The impetus for the third article, by Corson et al., originated with a report by Jernigan et al. in 1991 (13). Although the basal ganglia was not thought to be an important structure in the neuropathology of schizophrenia (in contrast to Parkinson’s disease and Huntington’s disease), Jernigan et al. found larger lenticular nuclei in patients with schizophrenia than in healthy subjects and suggested that it was possibly due to deficiencies in synaptic pruning, a developmental neurobiological process that normally occurs in the second decade of life (14). Subsequent studies demonstrated that treatment-naive patients did not exhibit this effect and suggested that the larger volumes observed in cross-sectional studies were probably due to the effects of drug treatment and, more specifically, the persistent D2 antagonism of conventional neuroleptics (15). Moreover, the atypical antipsychotic drug clozapine did not produce such effects, presumably because of its low D2 affinity. With the introduction of additional atypical drugs with low(er) D2 affinities like clozapine, the question is what their effect on the basal ganglia would be.
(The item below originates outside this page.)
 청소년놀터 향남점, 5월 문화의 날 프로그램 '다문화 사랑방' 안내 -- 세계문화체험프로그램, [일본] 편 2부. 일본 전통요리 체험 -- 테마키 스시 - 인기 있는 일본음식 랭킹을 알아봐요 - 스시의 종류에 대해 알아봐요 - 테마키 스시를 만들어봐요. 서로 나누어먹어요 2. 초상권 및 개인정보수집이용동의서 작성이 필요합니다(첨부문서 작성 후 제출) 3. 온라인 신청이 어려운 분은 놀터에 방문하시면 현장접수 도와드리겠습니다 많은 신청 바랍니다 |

Corson et al. have begun to answer that question by their study. They found that patients treated with olanzapine and risperidone, as well as clozapine, exhibited smaller volumes in the caudate-putamen. It will be important to know the comparative effects of the different atypical antipsychotics on this measure of drug effect because the drugs differ in their D2 affinities as well as their effects on other neuroreceptors that modulate dopamine neurotransmission in the striatum (16). It will also be of interest to determine the clinical correlates of the volume changes that occur and see whether increases are associated with extrapyramidal symptoms, tardive dyskinesia, treatment outcome, etc. The authors make the interesting suggestion that the volume decreases seen in the patients treated with atypical antipsychotics may not be simply a reversal of the volume enlargements produced by previous exposure to neuroleptics but could also be due to the effects of the atypical drugs. This suggestion is consistent with preclinical data showing a similar volume-reducing effect of clozapine (17). If true, this observation would have important implications for our understanding of previous neuroimaging studies in schizophrenia.
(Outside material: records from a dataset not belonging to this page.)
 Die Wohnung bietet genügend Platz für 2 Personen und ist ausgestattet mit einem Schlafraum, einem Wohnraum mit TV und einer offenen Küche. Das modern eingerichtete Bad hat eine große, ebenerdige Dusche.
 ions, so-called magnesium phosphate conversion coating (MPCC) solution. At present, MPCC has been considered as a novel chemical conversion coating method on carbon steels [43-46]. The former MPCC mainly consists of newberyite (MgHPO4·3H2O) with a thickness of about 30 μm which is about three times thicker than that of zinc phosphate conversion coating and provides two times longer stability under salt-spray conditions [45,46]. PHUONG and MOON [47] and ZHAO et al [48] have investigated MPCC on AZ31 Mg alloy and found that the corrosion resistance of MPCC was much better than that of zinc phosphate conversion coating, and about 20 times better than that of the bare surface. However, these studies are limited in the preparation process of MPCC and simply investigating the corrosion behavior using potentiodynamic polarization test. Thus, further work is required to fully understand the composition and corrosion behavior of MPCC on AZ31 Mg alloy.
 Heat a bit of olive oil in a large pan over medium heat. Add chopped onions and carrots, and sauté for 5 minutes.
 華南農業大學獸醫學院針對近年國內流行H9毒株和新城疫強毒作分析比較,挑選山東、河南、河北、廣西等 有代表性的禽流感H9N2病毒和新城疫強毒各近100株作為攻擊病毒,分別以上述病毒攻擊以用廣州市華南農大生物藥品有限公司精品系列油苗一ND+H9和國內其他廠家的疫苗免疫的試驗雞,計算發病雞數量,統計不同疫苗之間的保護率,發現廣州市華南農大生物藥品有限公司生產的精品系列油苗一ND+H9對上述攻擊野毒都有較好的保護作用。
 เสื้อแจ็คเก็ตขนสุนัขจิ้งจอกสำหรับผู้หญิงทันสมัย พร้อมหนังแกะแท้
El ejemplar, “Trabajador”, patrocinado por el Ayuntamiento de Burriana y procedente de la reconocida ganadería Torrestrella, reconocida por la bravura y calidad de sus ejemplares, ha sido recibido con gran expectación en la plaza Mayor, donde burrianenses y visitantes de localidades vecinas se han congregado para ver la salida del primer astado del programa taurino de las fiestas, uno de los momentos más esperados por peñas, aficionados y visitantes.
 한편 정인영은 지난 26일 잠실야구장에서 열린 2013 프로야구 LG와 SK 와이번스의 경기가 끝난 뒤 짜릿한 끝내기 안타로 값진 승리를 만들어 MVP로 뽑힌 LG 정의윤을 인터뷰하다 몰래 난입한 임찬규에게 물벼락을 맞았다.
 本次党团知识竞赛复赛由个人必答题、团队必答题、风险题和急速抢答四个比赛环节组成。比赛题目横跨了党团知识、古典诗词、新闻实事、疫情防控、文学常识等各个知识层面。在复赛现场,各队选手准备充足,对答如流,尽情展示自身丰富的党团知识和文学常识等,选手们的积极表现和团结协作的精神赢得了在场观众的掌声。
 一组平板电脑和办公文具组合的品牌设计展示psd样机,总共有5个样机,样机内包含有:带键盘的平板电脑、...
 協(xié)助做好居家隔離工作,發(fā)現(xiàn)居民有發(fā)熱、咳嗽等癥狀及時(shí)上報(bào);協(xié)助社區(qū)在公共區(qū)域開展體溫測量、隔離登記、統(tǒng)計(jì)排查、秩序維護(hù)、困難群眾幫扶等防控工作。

In a longitudinal MRI study, Rapoport et al. (18) found progressive changes in adolescent patients with treatment-resistant prepubertal-onset schizophrenia over a 2-year period, reflected in reduction of cortical gray matter and basal ganglia volumes. These patients had received extensive pretreatment with conventional neuroleptics, and most were treated with clozapine during the study period. Thus, the reductions in caudate volume were interpreted as normalization of the basal ganglia in the context of conversion to a low-affinity D2 antagonist, and reductions in cortical volume were interpreted as due to a disease-related process. In the light of speculation of drug-induced volume reductions, such findings may need to be reexamined.
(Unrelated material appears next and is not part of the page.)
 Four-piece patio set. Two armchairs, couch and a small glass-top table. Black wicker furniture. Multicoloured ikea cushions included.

The three reports in this issue of the Journal illustrate how testing novel hypotheses with state-of-the-art neuroimaging methods provides a powerful research strategy by which to investigate schizophrenia. How long this mysterious illness can continue to resist elucidation of its neuropathological basis will depend in large part on how rigorously and creatively we make use of these methodologies.

Footnote

Address reprint requests to Dr. Lieberman, Department of Psychiatry, University of North Carolina School of Medicine, 7025 Neurosciences Hospital, Chapel Hill, NC 27599-7160; [email protected] (e-mail). Supported in part by NIMH grants MH-00537 and MH-33127 and by the University of North Carolina Mental Health and Neuroscience Clinical Research Center.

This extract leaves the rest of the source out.